A failback runs the same sequence in reverse, with the recovered
primary fenced (revoke write user, demote with read_only=on, sever
replication, or restore from a known-good snapshot) before re-attaching
as a standby.
Multi-region operation is validated as a runbook contract, not as a
container-level CI smoke. The Phase 0 harness for this contract is the
existing single-region small-cluster smoke
(docker-compose.small-cluster.yml, scripts/smoke-small-cluster.sh)
plus an explicit failover-rehearsal acceptance test that operators run
against their own database replication topology before declaring the
deployment self-serve.
The rehearsal acceptance test, at minimum:
- proves the standby database can be promoted, including the database bootstrap or migration step required by the running release;
- proves a worker re-registers against the promoted region's API endpoint and resumes claiming tasks;
- proves the singleton scheduler/maintenance runner starts in the promoted region and the failed region's runner does not reconnect;
- proves an in-flight workflow run resumes from the last replicated history record after promotion;
- records the elapsed RTO and the observed replication-lag RPO at the moment authority was withdrawn from the failed region.
A deployment that has not run that rehearsal is not yet self-serve under this contract; it remains support-led until the rehearsal evidence is recorded in the operator's recovery packet.
These remain outside the public multi-region support boundary:
- Active/active multi-region execution.
- Automatic or hands-free regional failover.
- Synchronous cross-region database replication (RPO=0).
- Cross-region active visibility, federated search attributes, or cross-region history merge.
- Region-pinned task queues or region-aware namespaces as a routing axis enforced by the engine.
- Multi-cluster Helm topologies and active/active cross-region database
topologies.
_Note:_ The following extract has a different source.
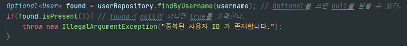 Optional을 사용하면 객체에 null도 받을 수 있게되어서 따로 null일경우에 대한 예외처리를 할 필요가 없어지게 된다.

The single-cluster self-serve Helm contract lives in
docs/helm-validation.md; provider-specific managed-database failover inside one region (RDS Multi-AZ, Aurora cluster failover, Cloud SQL HA, and equivalents) is supported by the single-region HA contract indocs/ha-failover-validation.md. - Strong cross-region SLA promises beyond the documented active/passive failover behavior.
These continue to require a support-led design pass; the topology itself is part of the product risk.